Third, it would expand the number of employment-based green card recipients by no longer counting spouses and children of principal applicants against the annual quota. This doesn’t change the official 140,000 visa cap but would allow roughly 50 percent more skilled workers to immigrate under the green-card program.
Finally, the bill would expand temporary worker programs by exempting returning H-2B workers (who held an H-2B visa in the past three years) from the annual visa ceiling.
Collectively, these changes would significantly raise legal immigration levels and cut visa backlogs. By exempting key family members and returning workers from quotas while raising numeric limits, the Dignity Act would free tens of thousands of additional visas each year—speeding family reunifications, distributing visas more equitably among countries, and supplying a larger skilled and seasonal workforce to the U.S.
The Dignity Act has garnered bipartisan support, with more than ten Republican and ten Democratic co-sponsors. That’s unsurprising, on one view, because the bill reflects polling showing that most Americans believe that immigration benefits the country. And they support letting illegal immigrants obtain legal status if they meet requirements.
But opponents might counter that the bill is unfair, as it allows some illegal immigrants to “skip the line” and displace those outside the country seeking to enter through proper channels. Further, they might claim that legalizing this batch of unauthorized immigrants could inspire another migration surge that could demand an equally sweeping pardon a generation from now. Senator Josh Hawley, for example, warned that “amnesty is always a bad idea.” Progressive hard-liners might dismiss the bill, too, as a half-measure that fails to ensure illegal immigrants are recognized as citizens.
Two unresolved questions from the bill linger: If this isn’t amnesty, are we merely entrenching a permanent subclass of non-citizens? And how, exactly, does “dignity status” differ from a glorified work permit?
Regardless of the merits, the bill is unlikely to win Donald Trump’s signature—or the backing of a Trump-aligned GOP. Many conservatives have characterized efforts to grant illegal immigrants even limited legal status as “amnesty.” Trump himself has signaled interest in narrow fixes (like a temporary work pass for farm labor) but not broad relief.
Operationally, implementing the Dignity Act amid ongoing ICE raids and removals would be difficult. The very immigrants the bill would legalize could be swept up in enforcement sweeps. The drafters tried to provide for this by deferring removal of qualifying applicants, which would implicitly require ICE to stand down in those cases.
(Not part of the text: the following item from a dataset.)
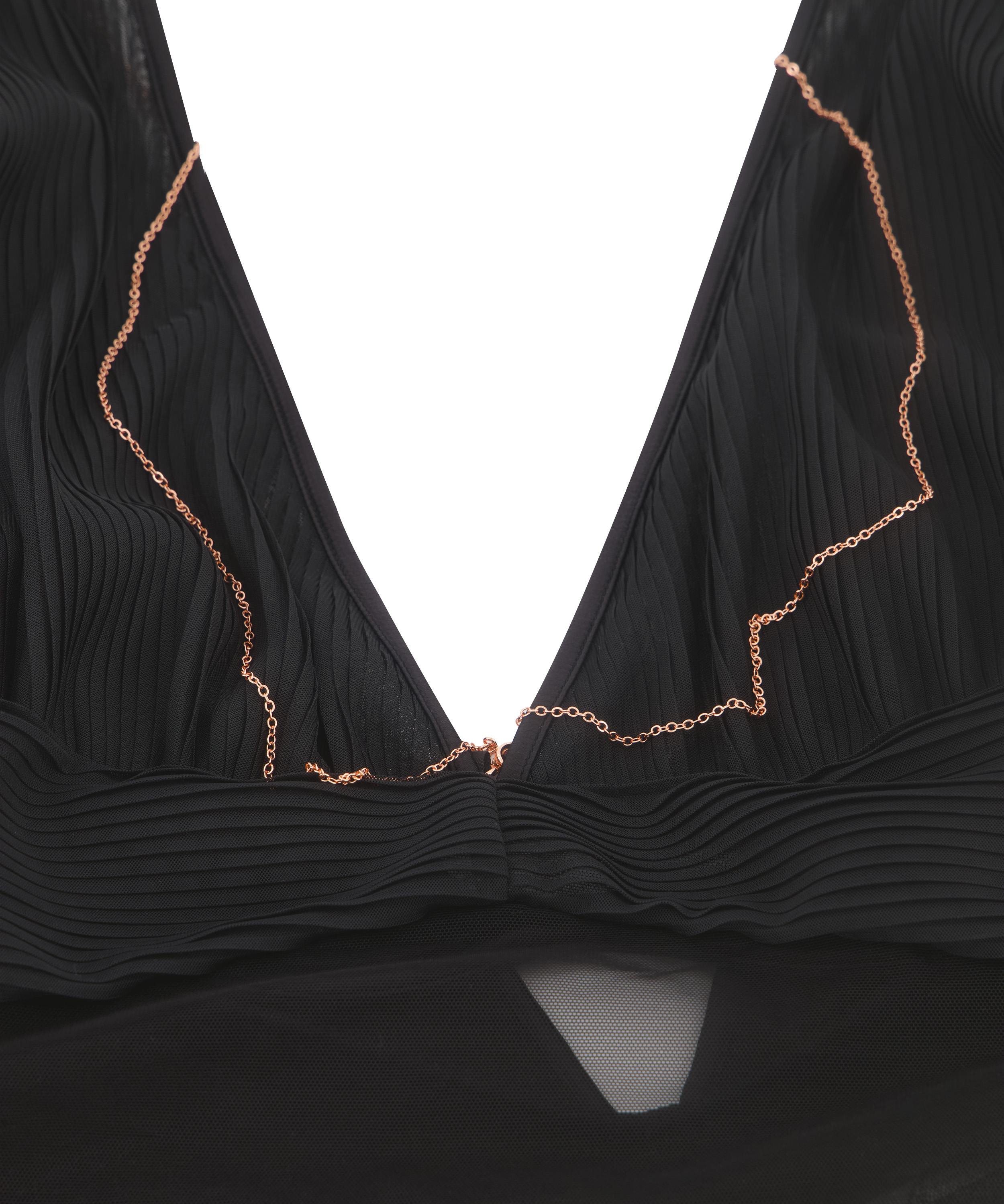 Forkæl dig selv med sensuel elegance med vores Simona body! Med dens perfekte dybe halsudskæring dekoreret med en aftagelig kæde, udstråler denne body en sofistikeret charme. Den dybe V-ryg og den praktiske lukkeklemme tilføjer et ekstra strejf af glamour. Opgradér din lingerikollektion med denne forførende body!

The Dignity Act tries to satisfy everyone, which means that it leaves everyone at least somewhat unsatisfied. Some illegal immigrants gain legal security and work rights but no path to citizenship. Enforcement advocates get tougher penalties but must accept that millions of unauthorized immigrants will remain. In the months ahead, we’ll see whether the bill’s backers can hold the political middle—or whether, as seems likely, the Dignity Act collapses under the weight of its contradictions.